Personal information
- Born: 25 May 1973 (age 53) Hobart, Tasmania, Australia

Sport
- Sport: Rowing
- Club: Surfers Paradise Rowing Club

Medal record
Men's rowing
Representing Australia
Olympic Games
| Gold medal – first place | 2008 Beijing | Coxless pair |
| Bronze medal – third place | 1996 Atlanta | Quadruple sculls |
World Rowing Championships
| Gold medal – first place | 2006 Eton | Coxless pair |
| Gold medal – first place | 2007 Munich | Coxless pair |
| Bronze medal – third place | 1997 Aiguebelette | Double sculls |
| Bronze medal – third place | 1999 St.

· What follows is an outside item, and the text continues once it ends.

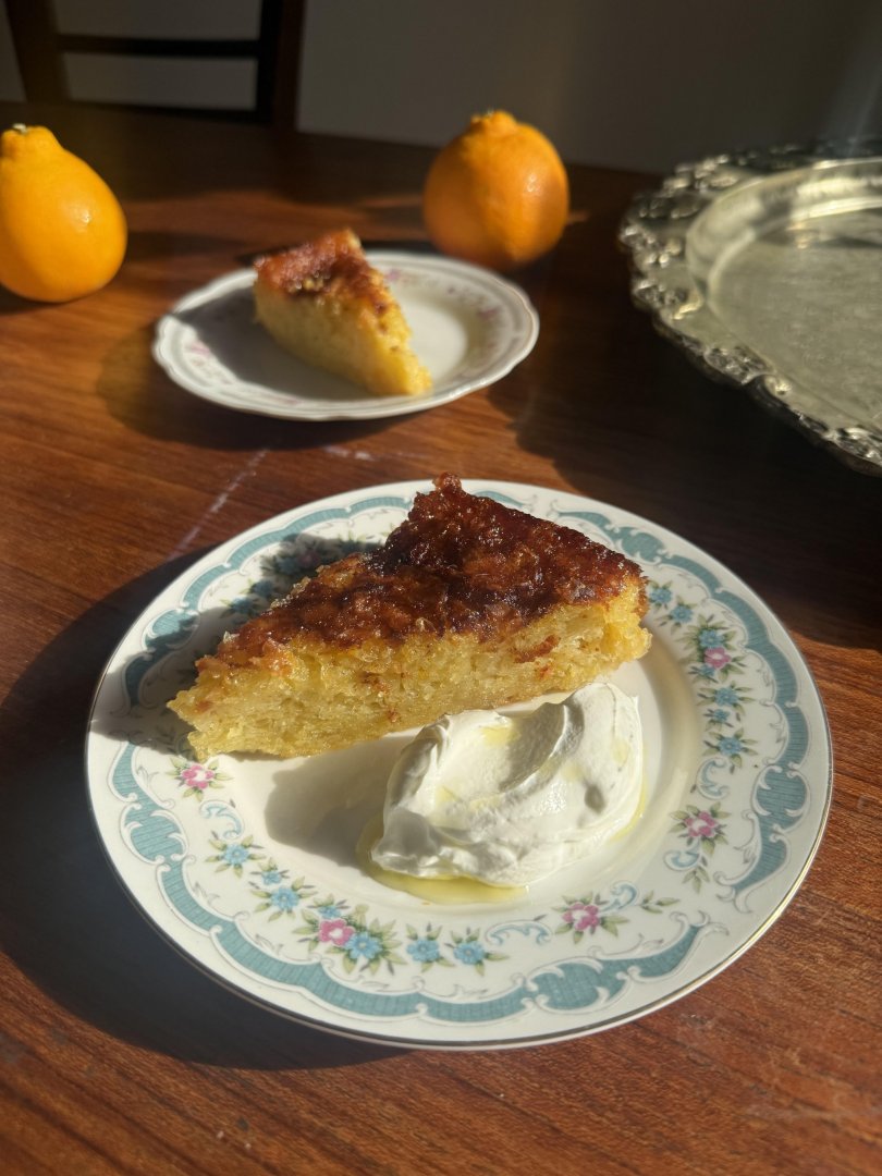 [1] ״פּוֹרְטוֹקָאלוֹפִּיטָה: עוגת תפוזים יוונית מסורתית״ (עם תפוזים ממשק ״גרוסר״, ביצים מ׳משק כנען׳ ובצק בקלאווה מנצרת) –

Catharines | Quadruple sculls |
Commonwealth Rowing Championships
| Gold medal – first place | 1994 Ontario | M4X |

= Duncan Free =

Australian rower

Duncan Seth Free (born 25 May 1973) is a retired Australian rower and Olympic gold medallist. He is 4-time Olympian and two-time world champion who represented Australia at four world rowing championships in both sculls and sweep oared boats. He was a six-time Australian national sculling champion.

==Rowing family==
Free was born in Hobart, Tasmania. His father Reg Free rowed in numerous King's Cup crews for Tasmania from 1962 and in 1967, became the first Tasmanian oarsman selected to row in the Australian men's eight when they competed by invitation at the 1967 European Rowing Championships in Vichy, France. The family relocated to Queensland in 1983 and in the next decade Reg Free coached several Queensland King's Cup crews and coached his sons Marcus and Duncan to state, national and international victories.

==Club and state rowing==
Duncan Free's senior rowing was from the Surfers Paradise Rowing Club in Queensland. Representing that club he raced for the national Australian sculling title at the Australian Rowing Championships for twelve consecutive years from 1993. He won that national title on six occasions.

He was the Queensland state representative sculler picked to race the President's Cup at the Australian Rowing Championships eight times from 1996 to 2004. Coached by his father, he won the interstate championship for Queensland on seven of those occasions.

Free won Diamond Sculls event at the 2001 Henley Royal Regatta racing for the Surfer's Paradise Rowing Club.

==National representative rowing==
Duncan and his brother Marcus were paired in the men's double scull at two world championships (1997 and 1998) coached by Reg. They took a bronze medal at the 1997 World Rowing Championships at Lac d'Aiguebelette, France.

Duncan was seated in Australian Olympic quad sculls for the 1996, 2000 and 2004 Olympic Games. He won a bronze medal at Atlanta 1996, placed fourth in Sydney and seventh in Athens.

After the Athens Games, Duncan took a year off before switching to sweep rowing and establishing a partnership with gold medallist Drew Ginn in the coxless pair. They won at the World Championships 2006 and 2007 and took the gold medal at the 2008 Summer Olympics in Beijing.